State your desire in the present tense, as if its fulfillment is occurring now. Also, state your desire in the positive. For example, say, “I now have a job I love,” instead of, “I will get a job I love.” The deep mind deletes negatives, so, “I will not have another crummy job” sails like a hockey puck, past the goalie of the conscious mind, and straight into the net of the id as, “I will have another crummy job.”

In writing your affirmation, to get specific results, be specific. To admit more possibilities, be more general. The main source of success with your affirmation is to say it aloud at least twice daily at around the same time every day with as much confidence as you can allow yourself to have at the time. Simply keeping up with it until it pans out, regarding everything that occurs along the way as an important and informative part of the process of success may be the easiest way to get your results.

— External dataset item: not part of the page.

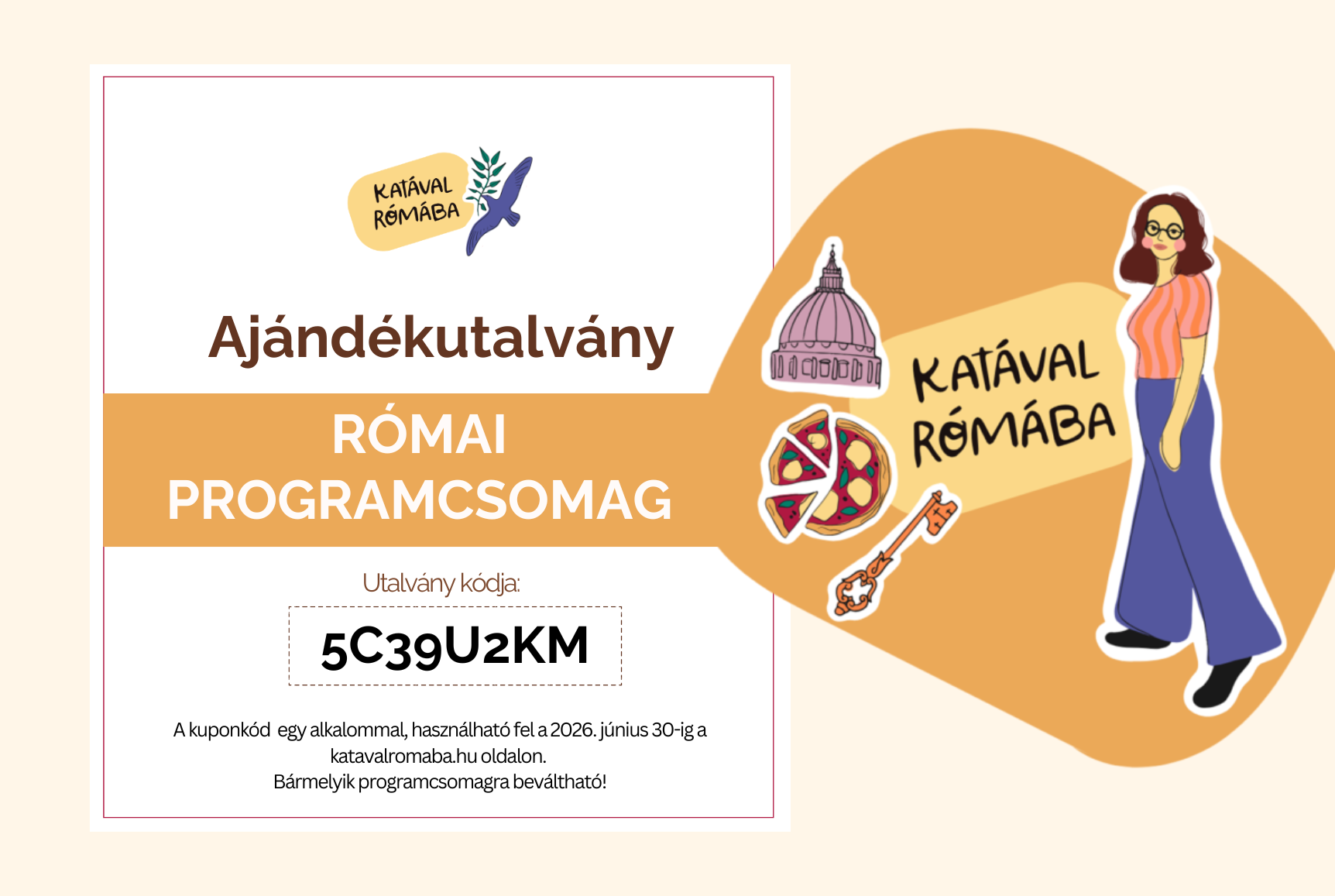 Ha szívesen adnád ajándékba valamelyik Katával Rómába programcsomagot, akkor jó helyen jársz, az ajándékutalvány pont ezt a célt szolgálja!
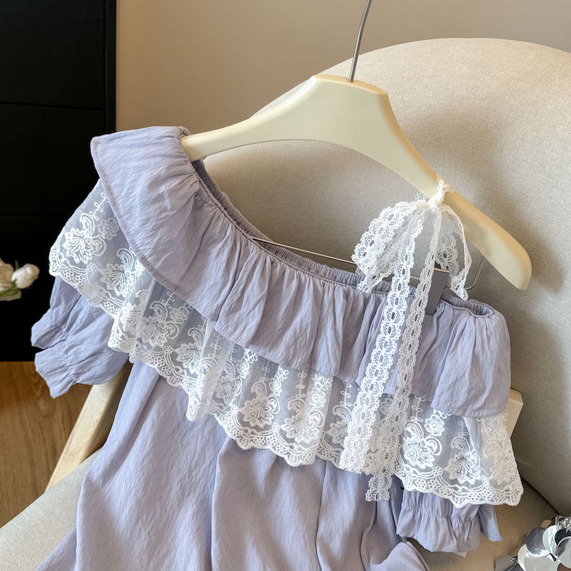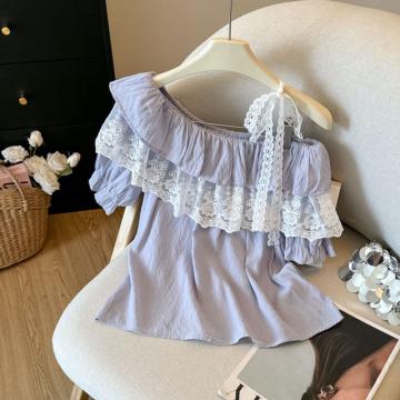 BY17547# 夏季新款时尚百搭一字肩荷叶边蕾丝拼接短袖衬衫上衣女 服裝批發女裝批發服飾貨源

In conclusion, if you have ever demonstrated enough belief in sameness to check the time or to carelessly take a seat, you can also make your affirmation work. Suppose you are willing to suspend enough doubt to go along with this assertion, but you would rather not try to make your affirmation work, because you do not want to start something new. This is also a sign that you can make your affirmation work. Why? Likely, your deep mind will be as equally reluctant to give up repeating your affirmation once the affirmation has been around long enough to become something old.